Manfred comments on Approval-directed agents - Less Wrong Discussion

9 Post author: paulfchristiano 12 December 2014 10:38PM

You are viewing a comment permalink. View the original post to see all comments and the full post content.

Comments (22)

You are viewing a single comment's thread.

Comment author: Manfred 13 December 2014 07:53:38AM 2 points [-]

Commenting with Medium feels like it would be reverse anonymity - if you merely see my real name and facebook profile, you won't know who I am :P

It's tempting to drag in utility functions over actions. So I will. VNM proved that VNM-rational agents have them, after all. Rather than trying to learn my utility function over outcomes, you seem to be saying, why not try to learn my utility function over actions?

These seem somewhat equivalent - one should be a transform of the other. And what seems odd is that you're arguing (reasonably) that using limited resources to learn the utility function over actions performs better than using those resources to learn the utility function over outcomes - even according to the utility function over outcomes!

I wonder if there's a theorem here.

Comment author: paulfchristiano 20 December 2014 03:08:05AM 0 points [-]

Note that the agent is never faced with a gamble over actions---it can choose to deterministically take whatever action it desires. So while VNM gives you a utility function over actions, it is probably uninteresting.
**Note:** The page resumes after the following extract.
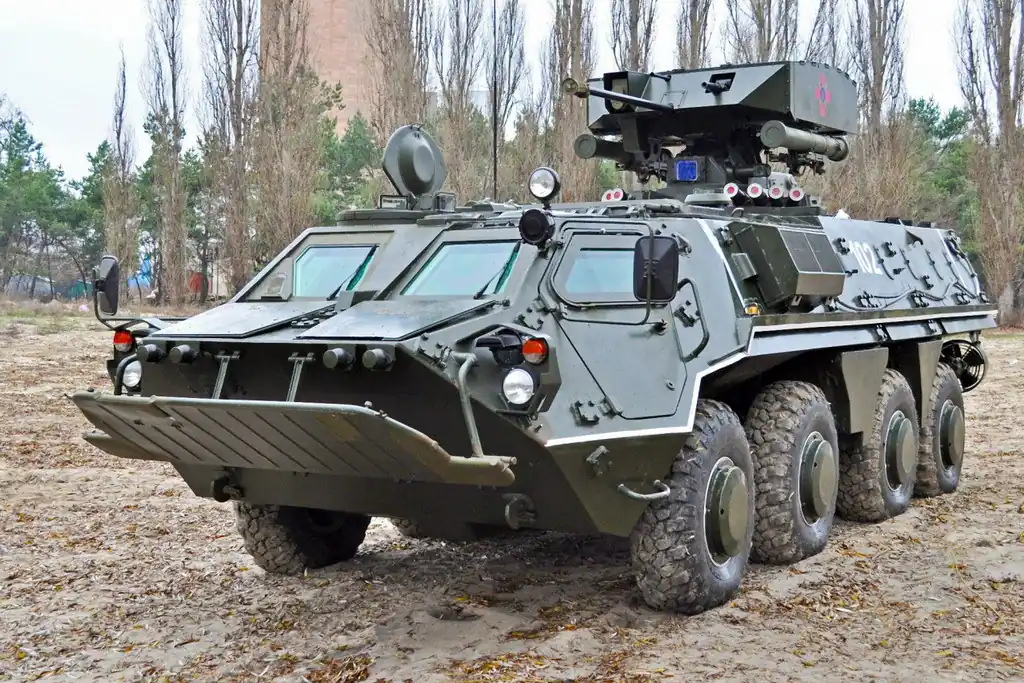 БТР-4Е разработан Харьковским Конструкторским Бюро по Машиностроению (ХКБМ) им. А. А. Морозова. Машина оснащена современным боевым модулем «Гром». Он включает 30-мм автоматическую пушку с боекомплектов 360 снарядов, гранатомет (150 гранат), пулемет 7,62 мм (1200 патронов), а также ПТРК «Конкурс» или «Барьер» - с четырьмя ракетами. Могут устанавливаться и другие боевые модули: «Шквал» и БАУ. Последний отличается наличием спаренной 23-мм автоматической пушки.

The broader point---that we are learning some transform of preferences, rather than learning preferences directly---seems true. I think this is an issue that people in AI have had some (limited) contacted with. Some algorithms learn "what a human would do" (e.g. learning to play go by predicting human go moves and doing what you think a human would do). Other algorithms, (inverse reinforcement learning) learn what values explain what a human would do, and then pursue those. I think the conventional view is that inverse reinforcement learning is harder, but can yield more robust policies that generalize better. Our situation seems to be somewhat different, and it might be interesting to understand why and to explore the comparison more thoroughly.